Drillers Threaten To Leave
"I think any additional regulations or rulemakings are going to cause the industry to stand up and fight," said Clare Bastable, conservation director for the Colorado Mountain Club.
And they have. Some companies have threatened to leave the state. Calgary-based EnCana Corp. says it's reducing the number of drilling rigs it has in the Piceance Basin from 15 to five. Recently the company set aside about $500 million to invest in drilling in the U.S.
"In making our decision on where to spend that, we chose to spend it all in Texas, Louisiana and Wyoming and none of it in Colorado, in part because of the uncertainty over the rules," said Doug Hock, spokesman for EnCana.
But Bastable is skeptical that the new rules are really having that much of an effect.

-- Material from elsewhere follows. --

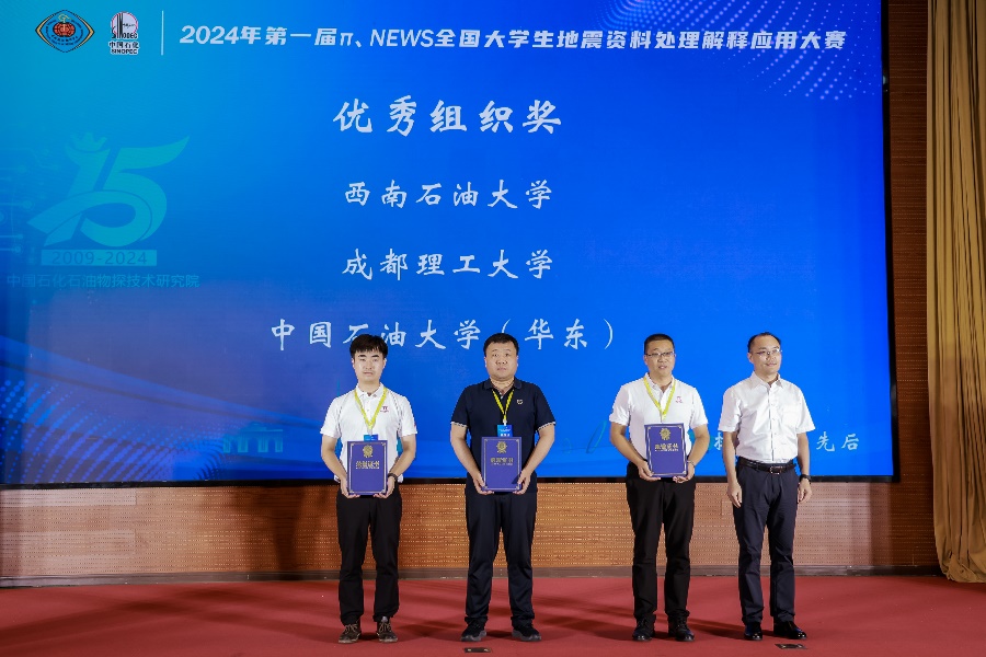 9月21日至25日,2024年第一届π、NEWS 全国大学生地震资料处理解释应用大赛在江苏南京市隆重举行。本次大赛由中国地球物理学会和中国石油化工股份有限公司石油物探技术研究院(以下简称物探院)主办,由物探院、必赢bwin线路检测中心(华东)和南京长城数智科技有限公司承办,主题为“科技引领勘探未来 智慧铸就物探辉煌”。本次大赛包含处理和解释两个赛道,全国15所高校30支参赛队共60位选手参赛。旨在进一步提高勘探地球物理领域人才培养质量,通过综合实践提升创新能力,激发大学生学习热情,培养团队合作精神,推动校企联合培养和科技创新,促进国产自主软件的推广与应用。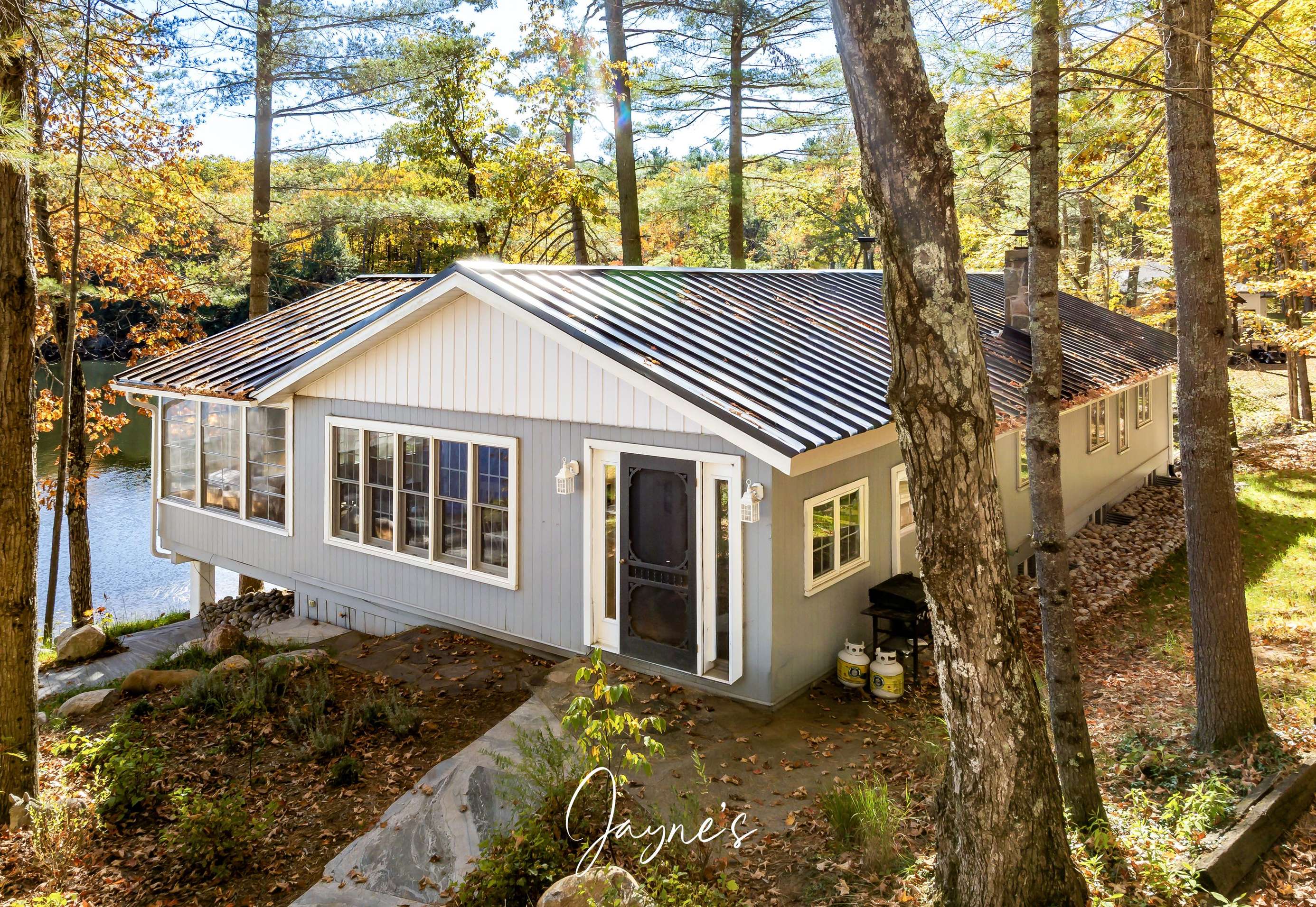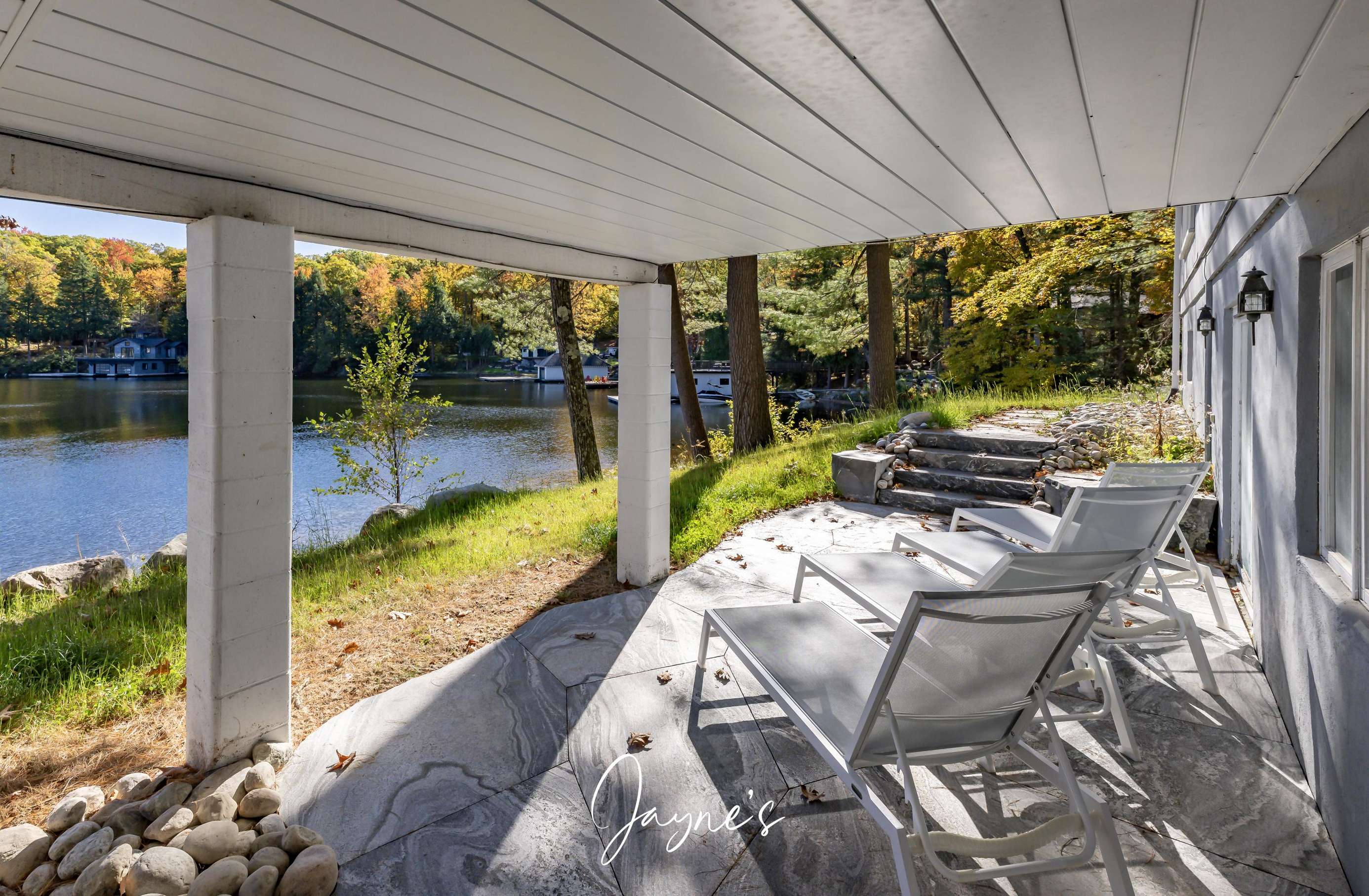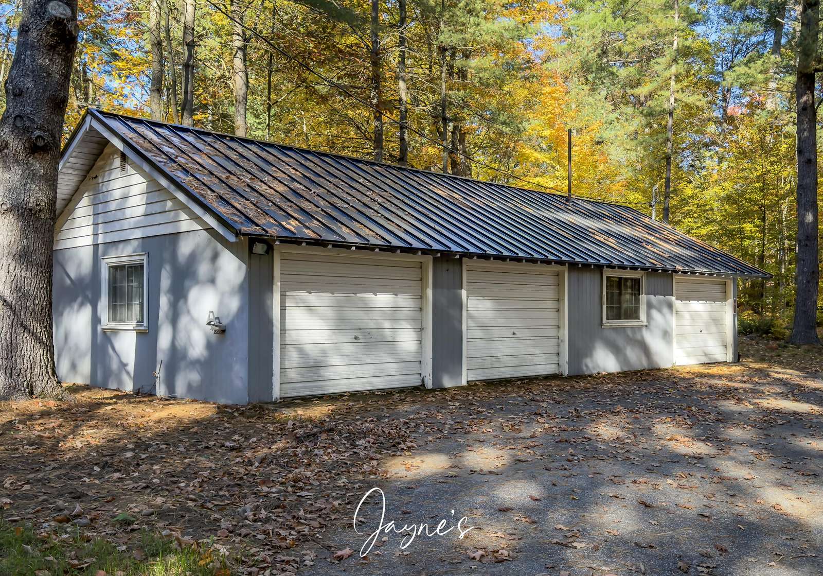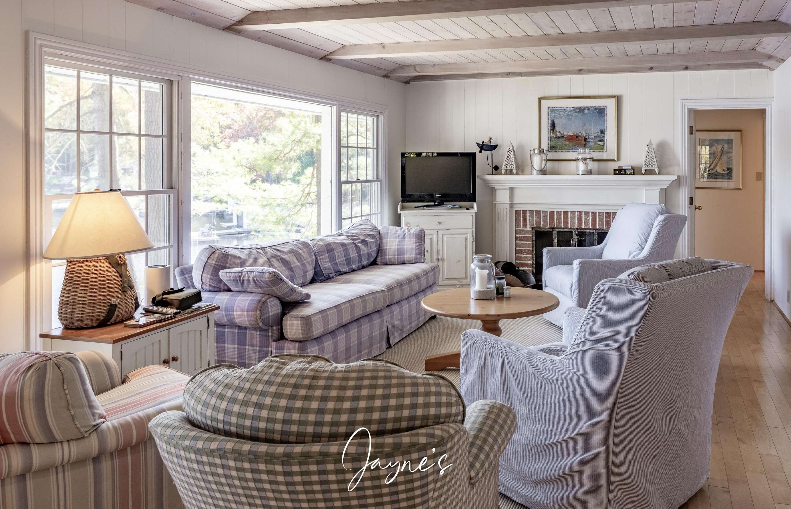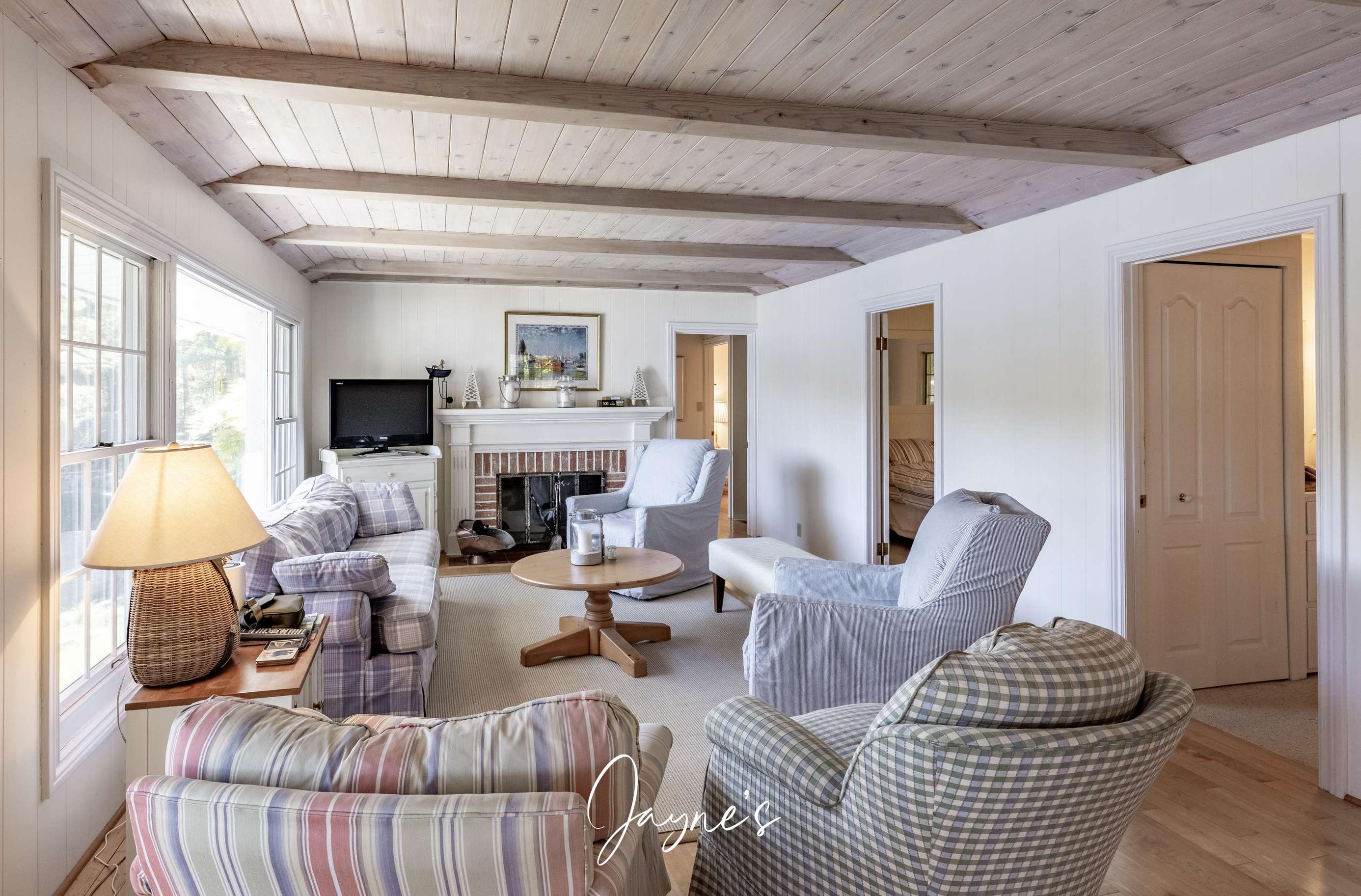There is a large family room located on the lower level of the cottage, featuring an oversized stone fireplace, comfortable seating, a flat-screen TV, and sliding doors to outside. The two remaining bedrooms can be found on the lower level of the cottage, as well as a Jack and Jill bathroom and a 3-piece bathroom. There is 1 King bedroom, and one room with 2 twin beds. There is covered seating outside the lower level walkout.

"The major factor is that natural gas prices went from $13.57 [per 1,000 cubic feet] last July to $5.29 in December," Bastable said.
'Gas Industry Is In A Conundrum'
The natural gas industry doesn't like some of the talk coming out of Washington, D.C., these days, either. The Obama administration has focused heavily on renewable energy; the industry worries that it's at the expense of natural gas.
"The gas industry is in a conundrum right now," said Porter Bennett, president and CEO of Bentek Energy. Bennett points to the Piceance Basin, where the limited number of pipelines makes it difficult to transport gas to population centers, driving down prices.
"You're not going to solve the pipeline constraints unless you invest money; but you're not going to invest money unless you can see demand. When you look at national and local policies, those tend to discourage demand," Bennett said. "So, as a producer, are you going to put money into a pipeline? I don't think so."
Still, those interviewed for this story were reluctant to call what's happening in Colorado a "bust." They describe it more as a "lull." That's because demand is expected to rise again in coming years, and that likely will push prices back up.